A novel dynamic framework to detect DDoS in SDN using metaheuristic clustering

Security is a crucial factor in the continuously evolving programmable networks. With the emergence of programmable networking terminals, the need to protect the networks has become mandatory. Software-defined networks (SDNs) provide programmable switches, thereby isolating the data plane from the control plane. Many security algorithms have been proposed to protect the network; however, they have failed to protect SDNs from attacks such as distributed denial of service (DDoS), jamming, and man-in-the-middle attacks. In this article, we only address the DDoS attack that prevails in SDNs.
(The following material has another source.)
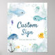 Custom sign with under-the-sea illustrations, ocean theme for a baby shower or birthday party. This custom sign is perfect for a nautical baby shower. With watercolor sea animals, whales, a baby octopus, nautical elements, and seaweeds this sign is ideal for delicate party decoration with an ocean theme. All text is editable so you can change the wording to whatever you need.
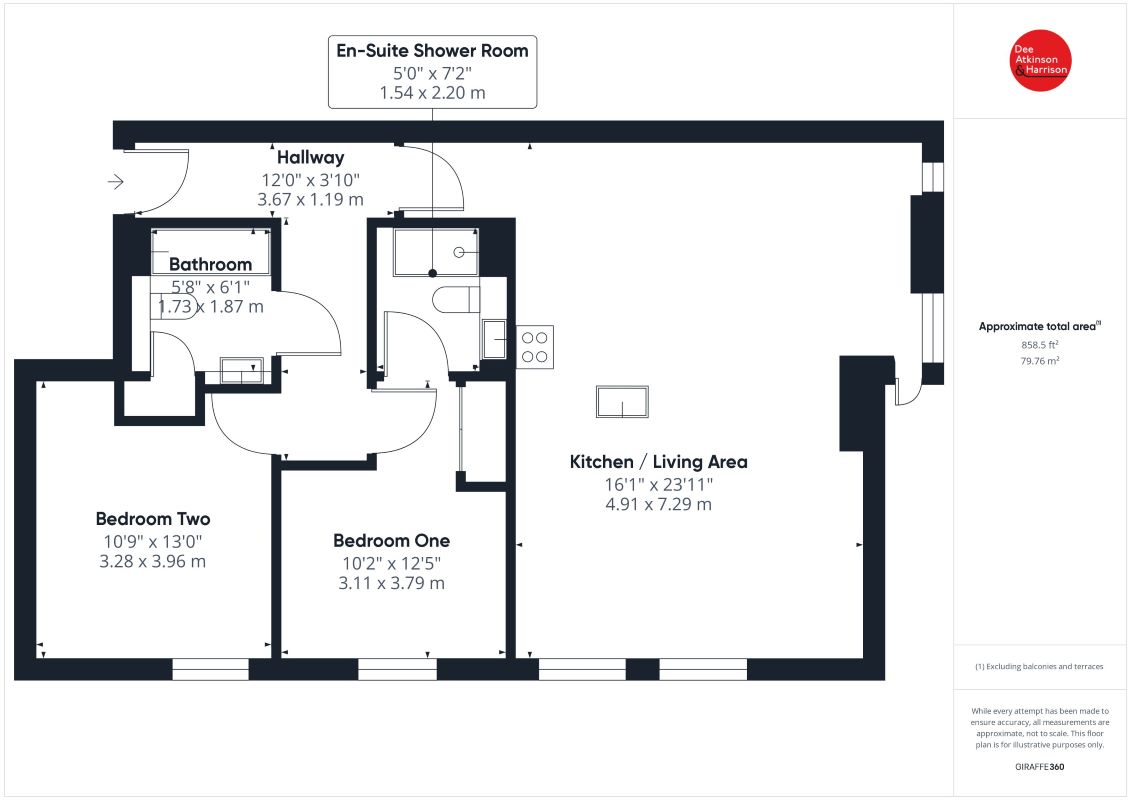 Communal Entrance Lift and stairs giving access to all the floors. Entrance Hall Doors to: Open Plan Sitting Room/Kitchen Large open plan space. The fitted kitchen has a range of wall and base units, integrated appliances including an oven and hob, fridge and freezer and an automatic washing machine (not tested). The living area has 3x double glazed window to the front aspect, TV aerial point and an electric heater. Bedroom One Double bedroom and electric wall heater. fitted wardrobe and a double glazed window. En- Suite Shower Room With walk in shower cubical, wash hand basin and low level w/c. Bedroom Two Another double bedroom with electric wall heater and duble glazed window. Bathroom With a three piece suite comprising: panelled bath with shower over, vanity wash hand basin and low level w/c. Tiled flooring.

Isolation of the control plane from the data plane increases the probability of an attack on the data plane. Therefore, a framework that can handle the dynamic traffic and can protect the network from DDoS attacks is required. Our proposed whale optimization algorithm-based clustering for DDoS detection (WOA-DD) avoids the DDoS attacks using a metaheuristic approach by clustering the attack requests. We evaluated this algorithm for robustness in comparison with several existing solutions and found it to be safe under several conditions. The proposed attack request clustering is explored to check its feasibility with various machine learning approaches and found to be stable with the prevailing mechanisms. Analysis of the algorithm under varied conditions reveals that WOA-DD is robust, stable, and efficient against DDoS attacks.